▸ Excerpted records:
=== Section Start ===

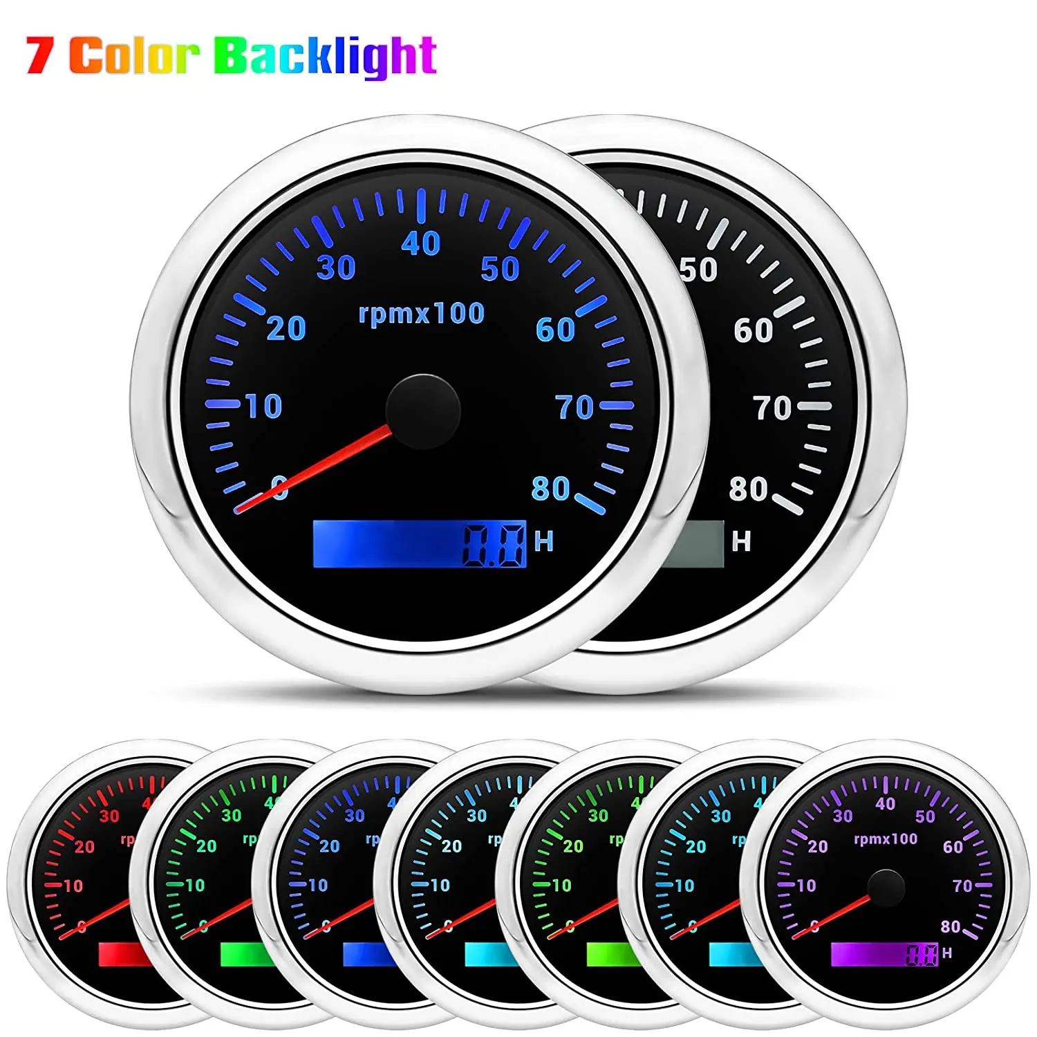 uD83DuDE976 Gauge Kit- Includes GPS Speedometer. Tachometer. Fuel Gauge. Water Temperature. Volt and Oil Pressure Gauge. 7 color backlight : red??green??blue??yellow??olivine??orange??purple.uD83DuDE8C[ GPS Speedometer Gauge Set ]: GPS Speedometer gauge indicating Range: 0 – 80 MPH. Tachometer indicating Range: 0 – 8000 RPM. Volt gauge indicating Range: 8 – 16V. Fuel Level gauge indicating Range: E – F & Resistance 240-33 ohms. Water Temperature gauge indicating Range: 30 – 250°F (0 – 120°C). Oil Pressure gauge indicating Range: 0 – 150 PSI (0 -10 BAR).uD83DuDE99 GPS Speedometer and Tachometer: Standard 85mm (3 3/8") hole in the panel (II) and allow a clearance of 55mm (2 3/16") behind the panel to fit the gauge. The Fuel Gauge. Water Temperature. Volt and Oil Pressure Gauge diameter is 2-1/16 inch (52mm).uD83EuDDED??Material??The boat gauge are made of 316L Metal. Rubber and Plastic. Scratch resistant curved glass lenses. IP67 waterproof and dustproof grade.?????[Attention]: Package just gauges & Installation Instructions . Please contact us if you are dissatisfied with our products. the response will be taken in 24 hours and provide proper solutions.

=== Section End ===
=== Section Start ===

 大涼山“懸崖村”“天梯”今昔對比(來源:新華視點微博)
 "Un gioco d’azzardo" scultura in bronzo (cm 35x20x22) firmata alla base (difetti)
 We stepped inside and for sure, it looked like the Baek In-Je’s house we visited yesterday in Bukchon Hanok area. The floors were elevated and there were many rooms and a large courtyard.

=== Section End ===
=== Section Start ===

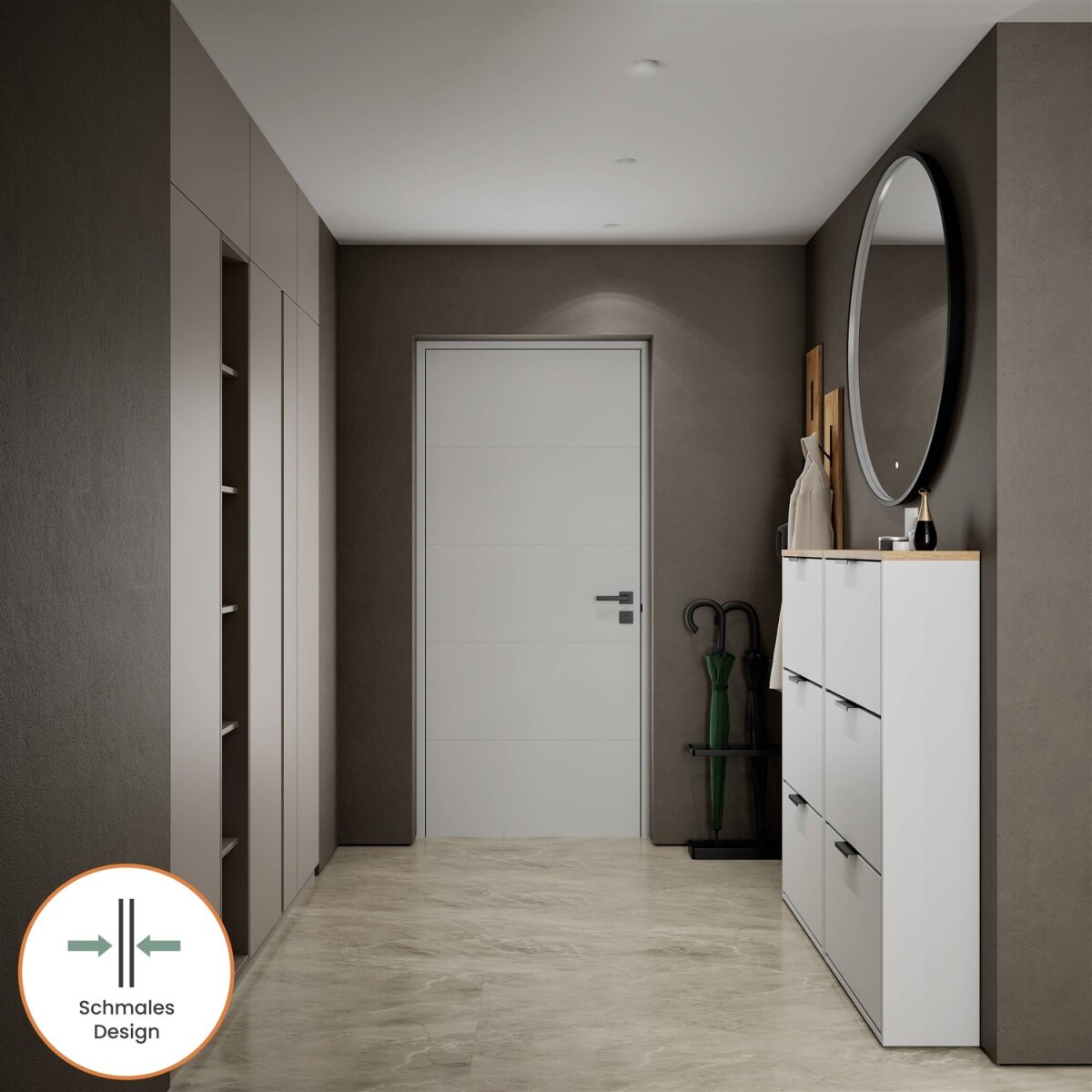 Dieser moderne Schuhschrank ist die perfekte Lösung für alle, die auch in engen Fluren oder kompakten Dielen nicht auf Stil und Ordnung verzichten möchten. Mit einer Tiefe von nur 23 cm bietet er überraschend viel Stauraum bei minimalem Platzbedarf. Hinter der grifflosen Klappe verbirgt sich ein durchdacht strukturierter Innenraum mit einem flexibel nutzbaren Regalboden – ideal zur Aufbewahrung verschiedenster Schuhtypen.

=== Section End ===

▸ Exercise instructions:
Would you please copy exactly the part of the entries above that begins at the line containing "alla base (difetti)" and ends at the line containing "We stepped inside", both lines included?

▸ Answer box:
 "Un gioco d’azzardo" scultura in bronzo (cm 35x20x22) firmata alla base (difetti)
 We stepped inside and for sure, it looked like the Baek In-Je’s house we visited yesterday in Bukchon Hanok area. The floors were elevated and there were many rooms and a large courtyard.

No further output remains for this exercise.